■ YOUR TASK:
This exercise calls for all the entries that follow to be set down exactly, without their images.

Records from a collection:
Content starts
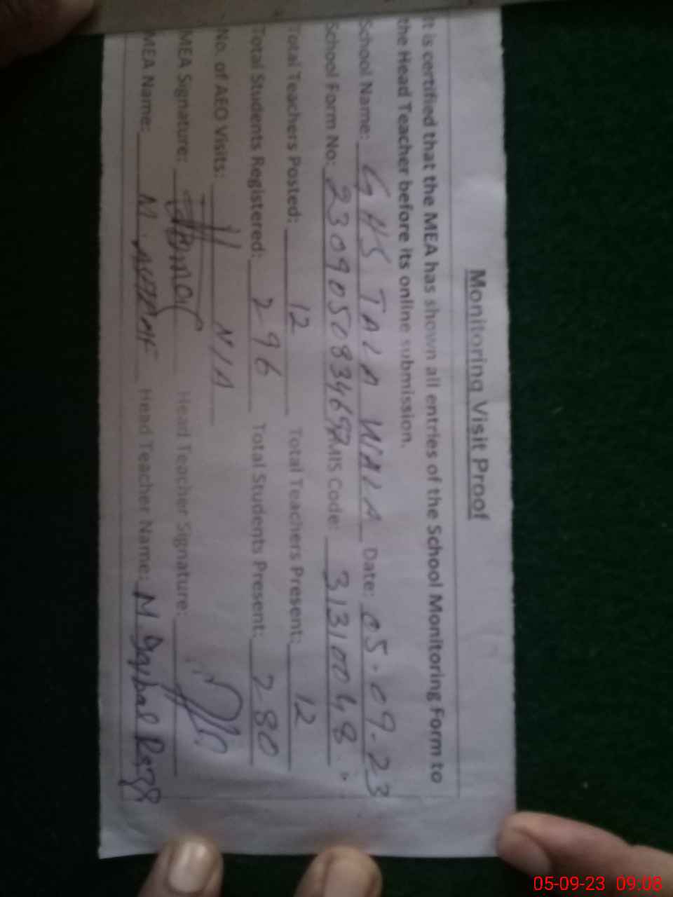 | Attendance Register | Head Teacher | MEA with School | Visit Proof |
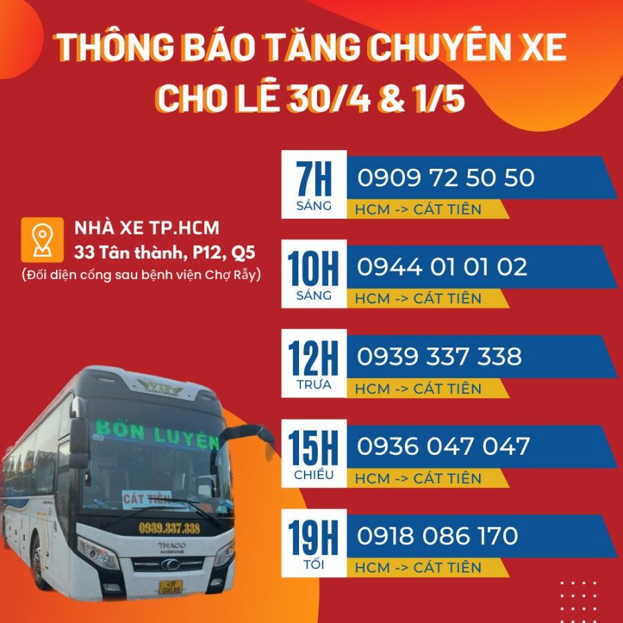 Để biết thêm thông tin chi tiết về điểm đón, giờ khởi hành chính xác và các dịch vụ đi kèm, quý khách vui lòng liên hệ hotline 0828211222. (Thông tin địa chỉ và số điện thoại cụ thể của nhà xe Bốn Luyện Express không được cung cấp trong dữ liệu nghiên cứu).
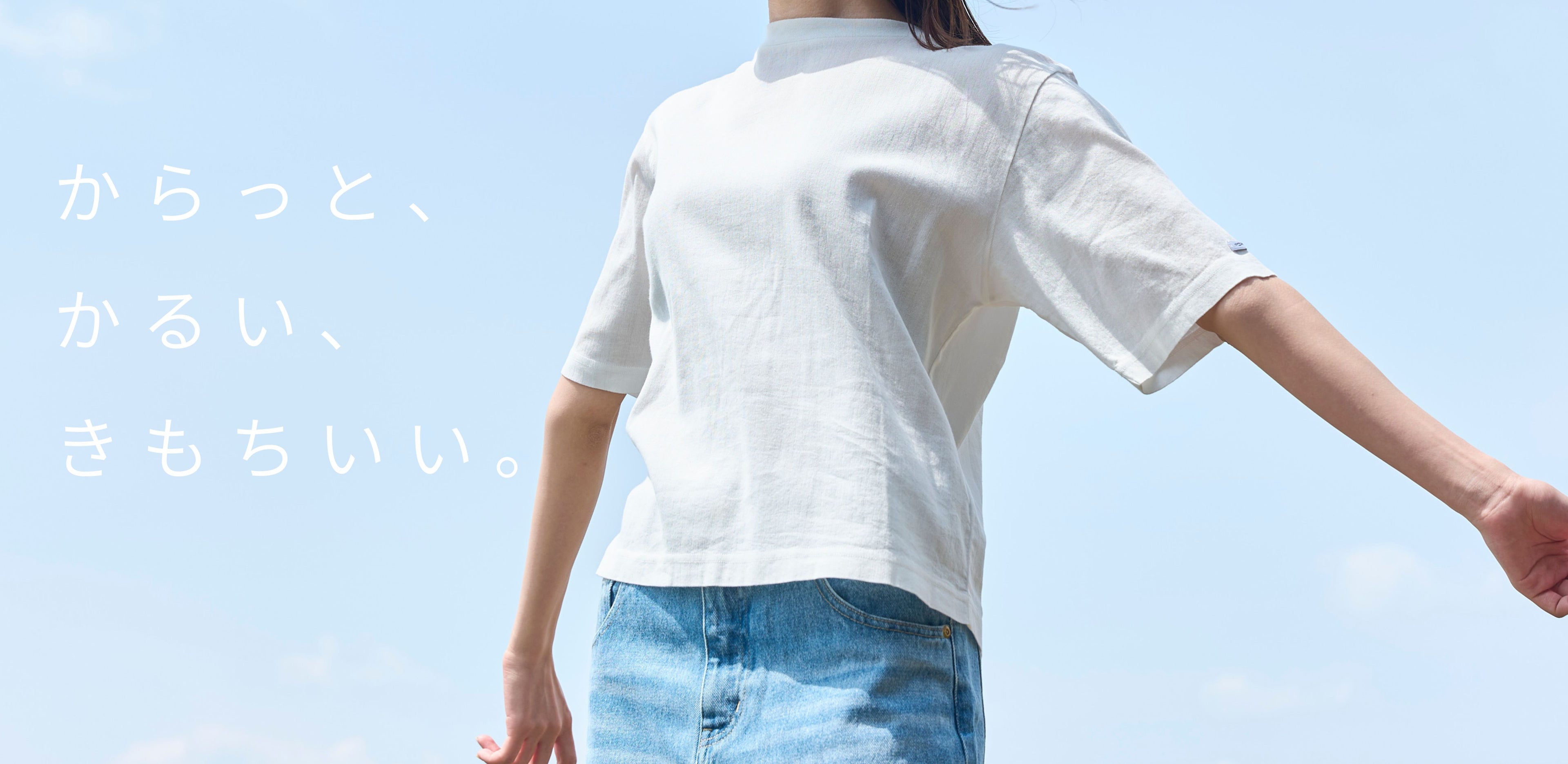 日本の伝統的な機能素材”ちぢみ”をベースに進化した織物は、からっと、かるい、きもちいい。
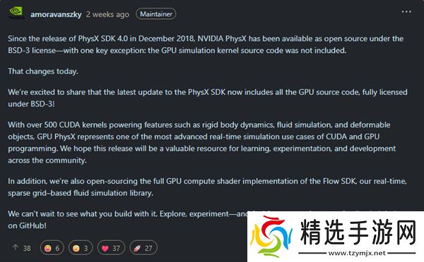 回溯至2018年末,NVIDIA曾公开了PhysX SDK 4.0的开发包,并依据BSD-3许可协议释放了部分源代码,但最为关键的GPU模拟内核却并未包含在内。这一举措虽然为开发者们打开了一扇窗,但仍有局限。
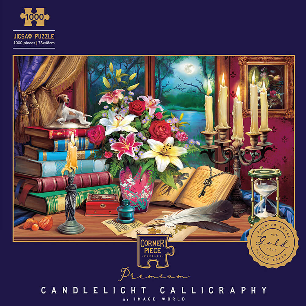 Candlelight Calligraphy 1000 Piece Gold-Foiled Premium Jigsaw Puzzle
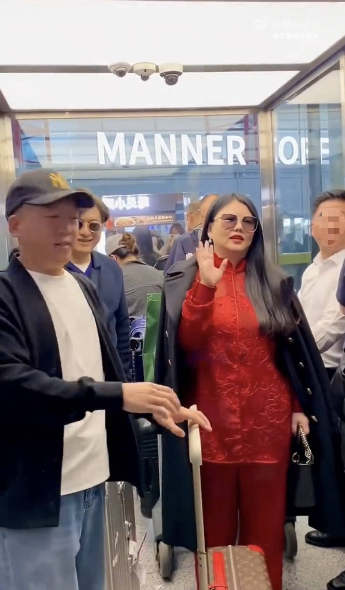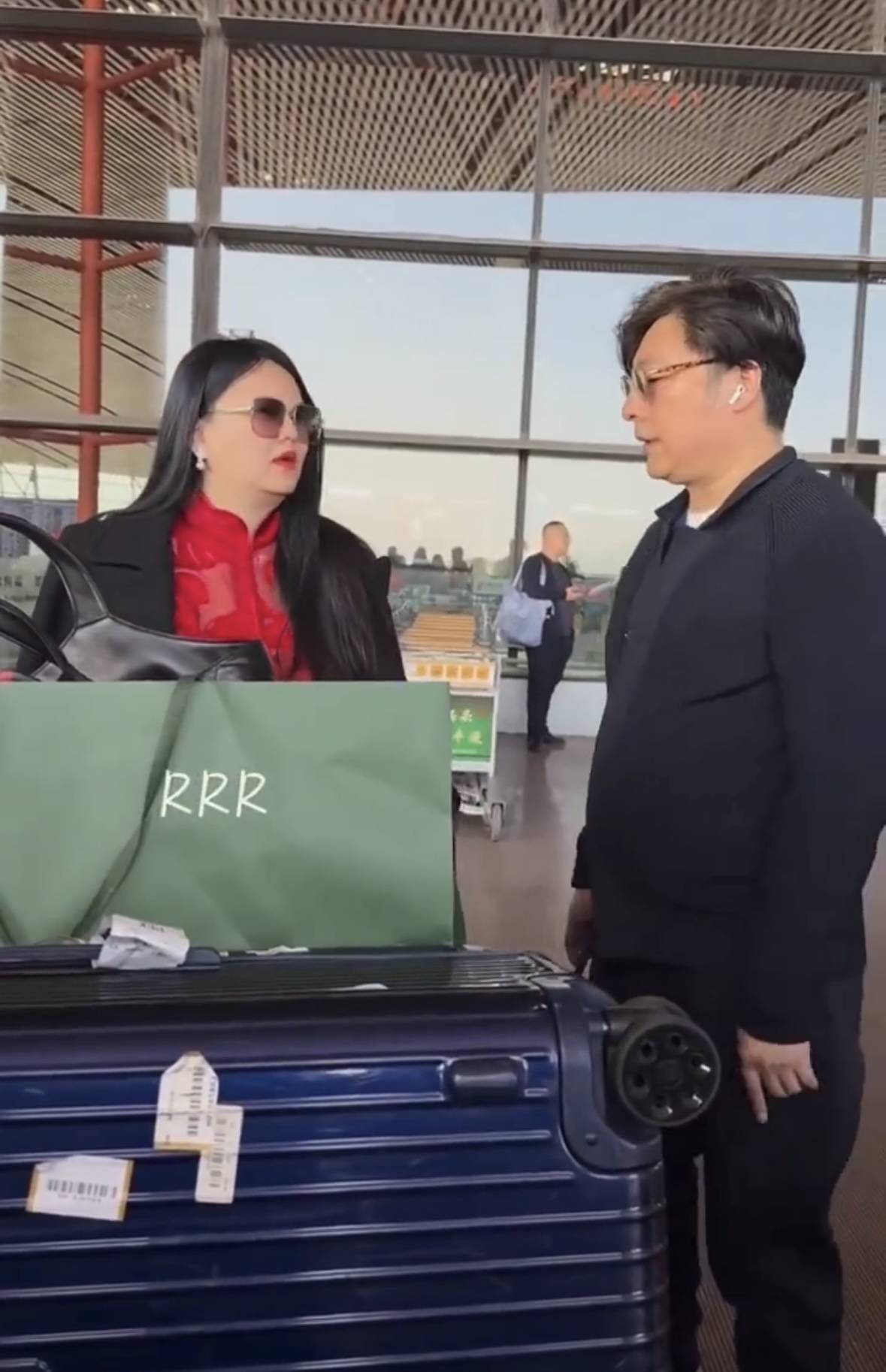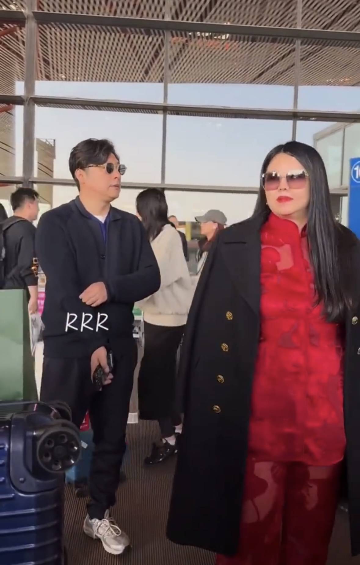 搜狐娱乐讯 10月14日,李湘和王岳伦回国的视频流出。图中,李湘穿大红色套装披着黑色大衣,王岳伦打扮休闲。
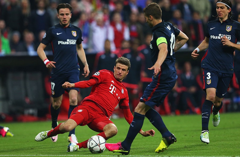 上記は、バイエルン・ミュンヘン戦でトーマス・ミュラーを3人で囲んでいるシーンだ。このようなシーンは、アトレティコ・マドリーの守備において基本となっている。
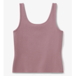Design-Details: Gekerbter V-Ausschnitt vorne. Tiefer Rundhalsausschnitt hinten. Einfassung an Halsausschnitt und Armöffnungen. Gerader Saum. Kürzere Länge.
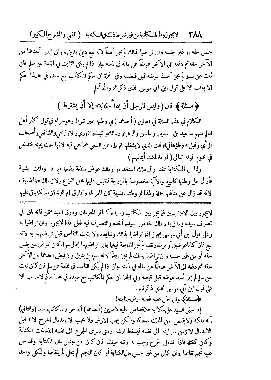 حقه ثم دفعه إلى الآخر عوضاً عن ماله في ذمته جاز إذا لم يكن الثابت في الذمة عن سلم فإن كان ثبت عن سلم لم يجز أخذ عوضه قبل قبضه وفي الجملة أن حكم المكاتب مع سيده في هذا حكم الأجانب إلا على قول ابن أبي موسى الذي ذكرناه.
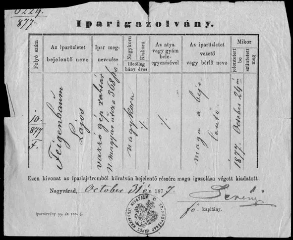 Trade license of Janos’ grandfather
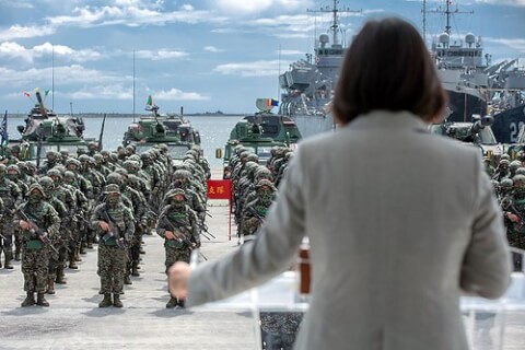 Lãnh đạo Đài Loan – bà Thái Anh Văn phát biểu khai mạc đợt tập trận Han Kuang hồi tháng 7 của lực lượng phòng vệ hòn đảo. Ảnh : Reuters
Content ends
■ RESULT FOR THIS EXERCISE:
 | Attendance Register | Head Teacher | MEA with School | Visit Proof |
 Để biết thêm thông tin chi tiết về điểm đón, giờ khởi hành chính xác và các dịch vụ đi kèm, quý khách vui lòng liên hệ hotline 0828211222. (Thông tin địa chỉ và số điện thoại cụ thể của nhà xe Bốn Luyện Express không được cung cấp trong dữ liệu nghiên cứu).
 日本の伝統的な機能素材”ちぢみ”をベースに進化した織物は、からっと、かるい、きもちいい。
 回溯至2018年末,NVIDIA曾公开了PhysX SDK 4.0的开发包,并依据BSD-3许可协议释放了部分源代码,但最为关键的GPU模拟内核却并未包含在内。这一举措虽然为开发者们打开了一扇窗,但仍有局限。
 Candlelight Calligraphy 1000 Piece Gold-Foiled Premium Jigsaw Puzzle
 搜狐娱乐讯 10月14日,李湘和王岳伦回国的视频流出。图中,李湘穿大红色套装披着黑色大衣,王岳伦打扮休闲。
 上記は、バイエルン・ミュンヘン戦でトーマス・ミュラーを3人で囲んでいるシーンだ。このようなシーンは、アトレティコ・マドリーの守備において基本となっている。
Design-Details: Gekerbter V-Ausschnitt vorne. Tiefer Rundhalsausschnitt hinten. Einfassung an Halsausschnitt und Armöffnungen. Gerader Saum. Kürzere Länge.
 حقه ثم دفعه إلى الآخر عوضاً عن ماله في ذمته جاز إذا لم يكن الثابت في الذمة عن سلم فإن كان ثبت عن سلم لم يجز أخذ عوضه قبل قبضه وفي الجملة أن حكم المكاتب مع سيده في هذا حكم الأجانب إلا على قول ابن أبي موسى الذي ذكرناه.
 Trade license of Janos’ grandfather
 Lãnh đạo Đài Loan – bà Thái Anh Văn phát biểu khai mạc đợt tập trận Han Kuang hồi tháng 7 của lực lượng phòng vệ hòn đảo. Ảnh : Reuters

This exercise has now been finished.